Something has happened to our politics.  What's the old saying?  It describes a diplomat as an honorable man who is willing to lie for the good of his country.  With politicians – and not just with Santorum, with the lot - we seem to have gone way past that.
 
This old reporter loves politics so much that sometimes it can feel like a game.  This is serious stuff in serious times.Come on, guys, let's head back toward the straight and narrow. 
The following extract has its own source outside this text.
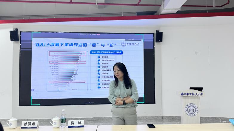 最后,易洋深刻剖析了在AI浪潮下英语专业的危险与机遇。她指出,虽然人工智能在语言处理方面取得了显著进展,但它并不具备人文素养和跨文化沟通能力,这正是复合型外语人才的优势所在。面对AI的冲击,外语专业学生应更加珍惜并发挥自己的独特优势,培养反脆弱能力。易洋鼓励同学们增加跨学科学习能力,以语言为基础,成为“外语+”复合型人才,提高自身的抗风险能力。

Thursday, February 2, 2012

January 2, 2012

Every once in a while in a campaign something happens which is perfectly bizarre and improbable.  That's how you know it's a campaign. My favorite example for this week is Mitt Romney's campaign manager rolling on the ground after his candidate has said where a reporter could hear it, "I'm not concerned about the very poor." To be fair, he went on to add, "We have a safety net there.  If it needs a repair, I'll fix it."  Common sense there, to be sure.  Consolation for a campaign manager contemplating lurid headlines?  Sorry, pal. It says something about American politics that the candidates are out there so long, talk so often, that some blooper like that one is almost bound to break free.  What is the staff to do about it?  After you get past pray, the choices are hard.  Putting a line that that one back into context is like putting the genie back into the bottle.  It can't be done.   The other side of the long campaign coin, I suppose, is that they are out there so long that we really can get a pretty good notion of who they are.  The great American electorate can make mistakes, of course.  I'm old enough to remember a president who famously declared, "I am not a crook."  Most of us came to feel he was wrong about that but by then two elections had gone by and it was, to put it mildly, too late. Now what was it Romney said about the very poor again?